- Genre: Fantasy
- Starring: Oh Seung-yoon Yoon Young-ah Kim Hee-jung Han Bo-bae
- Country of origin: South Korea
- Original language: Korean
- No. of episodes: 496

Production
- Production location: South Korea

Original release
- Network: KBS2
- Release: February 18, 2002 – February 27, 2004

= Magic Kid Masuri =

2002–2004 Korean television series

Magic Kid Masuri is a 2002 South Korean television series starring Oh Seung-yoon, Yoon Young-ah, Kim Hee-jung and Han Bo-bae.

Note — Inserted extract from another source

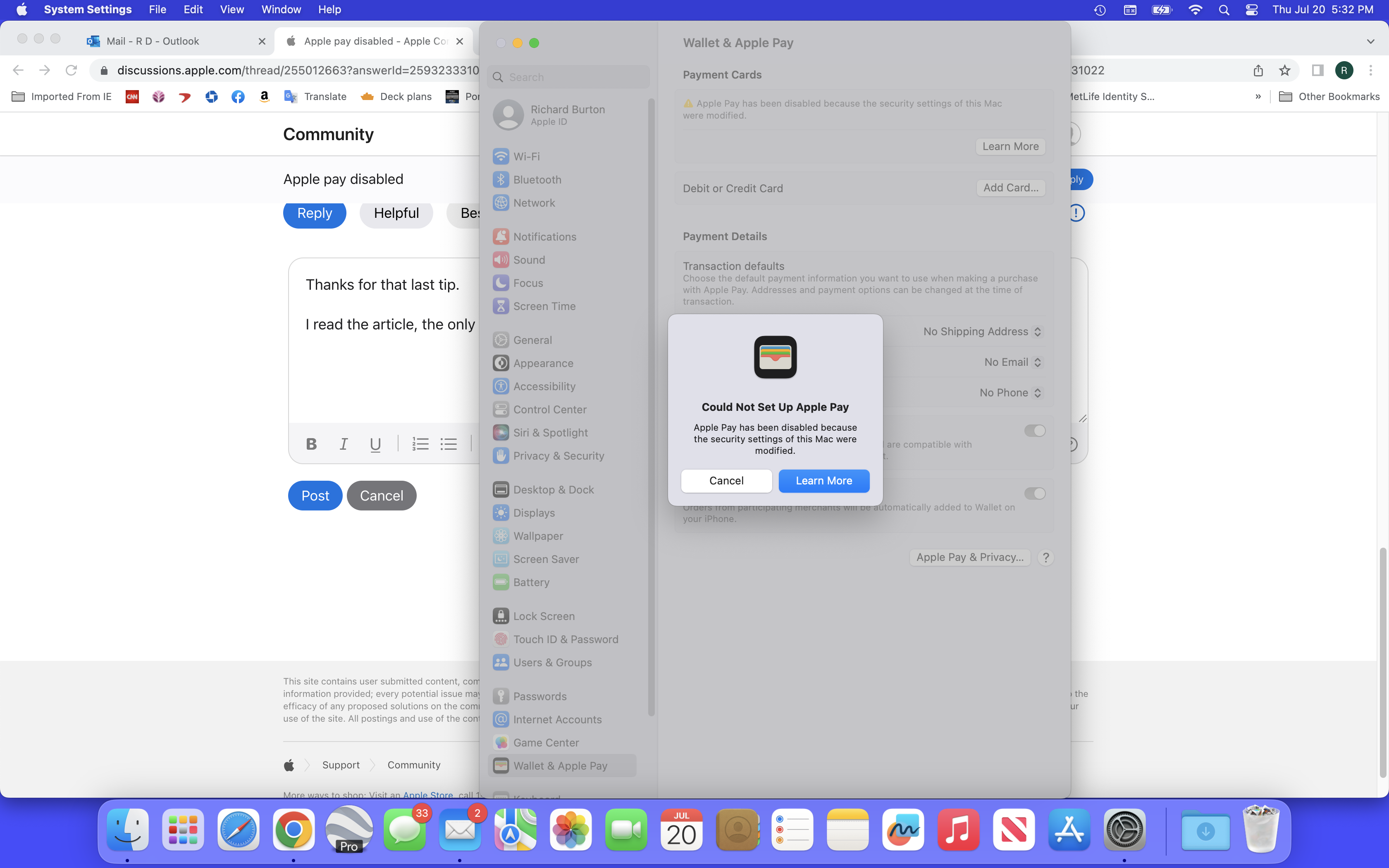 Running 13.4.1(c), so fully up to date. Followed instructions to set "startup security" to highest level using startup utilities (it was set lower). Still getting Apple pay disabled message.

The children's drama aired on KBS 2TV from February 2002 to February 2004. It tells the story of the Surine family, who came to the human world to learn human emotions in a magical world that was chaotic due to the conflict between the Elder Council (White Bridge) and the Witch Council (Red Bridge).

The drama aired a total of 496 episodes for two years from February 18, 2002 to February 27, 2004 through KBS 2TV, achieving an average audience rating of 15%, making it the longest broadcast among children's dramas.

The anime aired on KBS 2TV from September 26 to December 16, 2008. It was expected that high ratings would come out following the children's drama, but due to the low ratings, the work that was scheduled to end in 39 episodes ended early with 13 episodes.

== Introduction ==
With the selfish minds of the wizards, the magical world is thrown into uncontrollable chaos. In response, the elders of the magical land agree to send a wizard family to the world of humans — who live in harmony with each other and rely on each other, but have a lower way of living than themselves — to find out why humans live without much confusion.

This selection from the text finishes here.